About 4 in 5 patients were administered an IM concomitantly with the infliximab therapy (95% azathioprine and 5% methotrexate). The study authors said that it is acknowledged that IM has a well-known effect on serum drug concentrations, leading to them needing to determine the possible interactions between IM and infliximab concentrations.

At each week measured, the investigators determined that serum infliximab levels were higher in the patients with an IM compared to those without, regardless of treatment. But, they also found, that the only significant effect on serum infliximab levels was on the type of infliximab, and that concomitant IM use had no significant effect, they wrote.

By week 14, only 16 patients had achieved clinical remission (11 from Remicade therapy, 5 from CT-P13 therapy), the study authors learned. At week 22, 13 of the 16 patients who had reached remission were treated with the originator and 3 were treated with the biosimilar.

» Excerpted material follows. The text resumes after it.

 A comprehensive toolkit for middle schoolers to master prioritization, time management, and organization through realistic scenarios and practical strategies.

The investigators estimated that the risk of achieving clinical remission was 4.9-fold higher in patients treated with the originator compared to those treated with the biosimilar.

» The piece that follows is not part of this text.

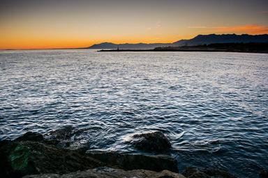 Keywords: sunset sea lighthouse sky sun beach rocks waves orange
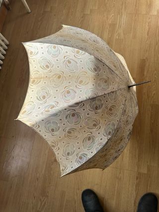 Conjunto de dos paraguas de tela de los años 40. Un accesorio vintage con un diseño elegante. - Tejido con estampado. - Mango de color negro.

And for patients treated with concomitant IM, a third treated with the originator compared to 10% treated with CT-P13 achieved remission. For patients not using IM, a quarter of the originator patients and none of the biosimilar patients achieved remission. In general, more patients treated with the originator achieved clinical remission, the study authors said, regardless of their IM use.

No patients withdrew from the originator cohort, though 7 patients in the biosimilar group withdrew at week 22 due to secondary failure, primary failure, and 1 surgery.

“Our findings show significant differences in serum trough infliximab levels between the originator Remicade and the biosimilar CT-P13 during the treatment induction phase in the patients with IBD,” the study authors concluded. “The type of administered compound also affects clinical outcomes such as disease remission and drug survival.”